The paper "A MAC Mode for Lightweight Block Ciphers" was presented by Atul Luykx, where he presented a new MAC mode called LightMAC that focus on extending the lifetime of a symmetric key. 

Session 2: Stream-Cipher Cryptanalysis

This session was on stream-cipher cryptanalysis and the following two papers were presented:

The paper "Cryptanalysis of the Full Spritz Stream Cipher" was presented by Subhadeep Banik where he presented an improved state recovery attack that takes advantage of a special state, that when entered all even values in the permutation are mapped to even values and all odd values to odd values. 

Session 3: Components

This session was on components and the following three papers were presented: 
Siang Meng Sim presented the paper on "Lightweight MDS Generalized Circulant Matrices" where they showed left circulant MDS matrixes of order $\le$ 8.

Session 4: Side-Channels and Implementations

This session was on side-channels and implementations and the following three papers were presented: 
Pascal Sasdrich presented the paper "White-Box Cryptography in the Gray Box - A Hardware Implementation and its Side Channels. In his talk he presented the first AES white-box implementation in hardware and provided results of a practical gray-box (side-channel) analysis. 

Session 5: Automated Tools for Cryptanalysis

This session was on automated tools for cryptanalysis and the following three papers were presented: 

Vesselin Velichkov presented the paper "Automatic Search for the Best Trails in ARX: Applicaton to Block Cipher Speck where they present a new automatic search tool tha applies Matsui's algorithm with optimal results. Then they searched for differential trails in Speck and presented new bounds on the security of Speck regadring to differential cryptanalysis.

Session 6: Designs

This session was on designs and the following two papers were presented: 

Jeremey Jean presented the paper on Efficient Design Strategies Based on the AES Round Function. In their paper they present cascaded iterations of the AES round function together with intermediate XOR's which achives a high performance. 

Invited Talk: On White-Box Cryptography

The invited talk on white-box cryptography was given by Henri Gilbert from ANSSI, France. 

Session 7: Block-Cipher Cryptanalysis

This session was on block-cipher cryptanalysis and the following five papers were presented: 

  • Bit-Based Division Property and Application to Simon Family
  • Algebraic Insights into the Secret Feistel Network
  • Integrals go Statistical: Cryptanalysis of Full Skipjack Variants
  • Note on Impossible Differential Attacks
  • Improved Linear Hull Attack on Round-Reduced Simon with Dynamic Key-guessing Techniques

Rump Session

The rump session consisted of several short talks for a few minutes. 
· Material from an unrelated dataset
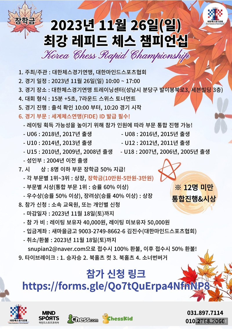 | 2023 코리아 최강 레피드 체스 챔피언십(11월 26일) 참가 후기 (2) | 2023.11.27 |

Thomas Peyrin presented a new block cipher called Skinny that is based on the TWEAKEY framework. Skinny has an AES like design and achives better performance than SIMON and other lightweight designs. 
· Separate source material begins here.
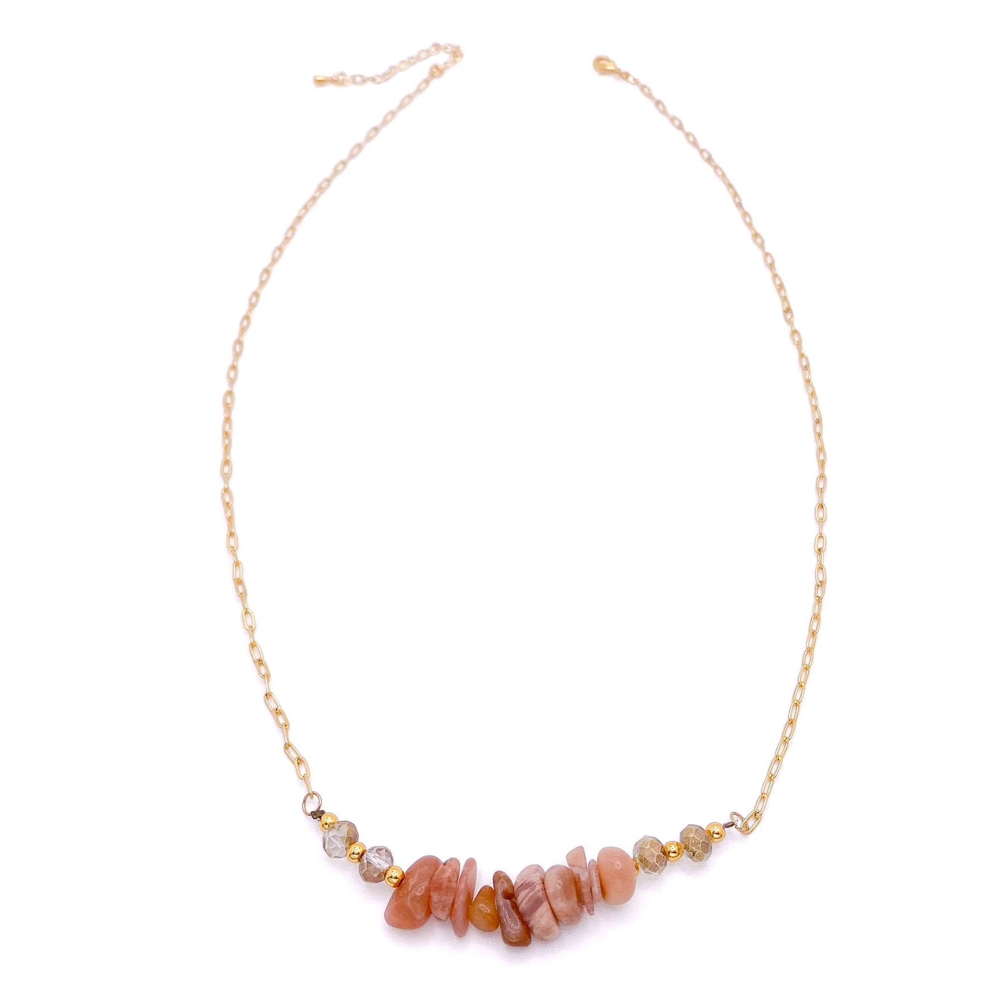 Sunstone chips, coppery translucent crystals and gold beads and paperclip chain bridges our warm summer into the warm colors of autumn.

Jeremy Jean presented a website with standardized figures for ciphers in his talk about TikZ for Cryptographers. He aimed that every cryptographer should use this standardized figures in their papers. 

Christian Rechberger presented the FHEMPCZK-Cipher Zoo where one could compare ciphers for Fully Hommomorphic Encryption (FHE), Multi Party Computation (MPC) and Zero Knowledge (ZK).
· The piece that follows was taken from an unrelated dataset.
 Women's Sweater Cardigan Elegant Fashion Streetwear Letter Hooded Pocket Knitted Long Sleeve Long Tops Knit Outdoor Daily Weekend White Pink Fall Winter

Session 8: Foundations and Theory


This session was on foundations and theory and the following four papers were presented:
  • Modeling Random Oracles under Unpredictable Queries
  • Practical Order-Revealing Encryption with Limited Leakage
  • Strengthening the Known-Key Security Notion for Block Ciphers
  • Related-Key Almost Universal Hash Functions: Definitions, Constructions and Applications

Session 9: Authenticated-Encryption and Hash Function Cryptanalysis


This session was on authenticated-encryption and hash function cryptanalysis and the following three papers were presented:
  • Key Recovery Attack against 2.5-round $\pi$-Cipher
  • Cryptanalysis of Reduced NORX
  • Analysis of the Kupyna-256 Hash Function
Yu Sasaki presented the Cryptanalysis of Reduced NORX, where they present state and key recovery attacks on the core permutation which is reduced to 2 out of 4 rounds. 

DISC workshop


After FSE, the Directions in Symmetric Cryptography (DISC) workshop for PhD students and young post-docs took place at the Ruhr University Bochum.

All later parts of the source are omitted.